Bids are due Aug. 10, with an insurer expected to be selected in mid-September. The three-year contract will run from 2006 to 2008.
The state’s current dental insurer, Blue Cross & Blue Shield of Rhode Island, and market rival Delta Dental are expected to be the chief competitors for the contract.
The contract covers a little over 17,000 workers — generally current state employees — plus their dependents. Most state retirees do not have dental coverage.
The state paid $11.5 million in the recently concluded fiscal year to provide the coverage, at a cost of $68.26 a month for a family plan or $24.38 a month for individual coverage. State workers do not pay a share of the premiums, although they do pay half the cost of some procedures, including periodontal work and braces.
As it did with the state health-insurance contract, the state is working with a health-care benefits consultant, Hewitt Associates LLC, to design the “request for proposals” for the contract and choose a winning bidder.
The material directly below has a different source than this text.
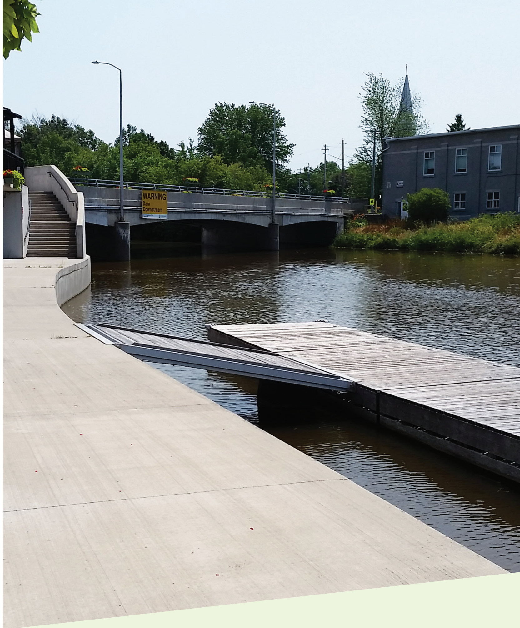
DOCKS IN CHESTERVILLE

The work is part of Hewitt’s existing $681,000 contract with the state, said Brian Stern, executive director of the Department of Administration.
Blue Cross spokeswoman Kim Keough confirmed the company hopes to keep the state’s business, which she said it has had for about a decade.
The competition will look familiar.
Mary Sommer, director of corporate communications for Delta Dental, said the company is “always interested in bidding on the state account” and has done so “every time the bid becomes available.”
Right now, she said, “The state employee population is one of the only major employer groups we don’t have as a client.”
The Carcieri administration, last October, replaced Blue Cross & Blue Shield of Rhode Island as the state’s health insurer, picking UnitedHealthcare of New England as the new insurer for 52,000 state employees, retirees and their dependents.
Blue Cross challenged the bid award, but the Supreme Court upheld the decision. State employees switched to United coverage on May 1.
State lawyers are now asking Blue Cross to pay about $320,000 in costs related to that case, including outside legal services and consultant work. A judge has not yet ruled on that request.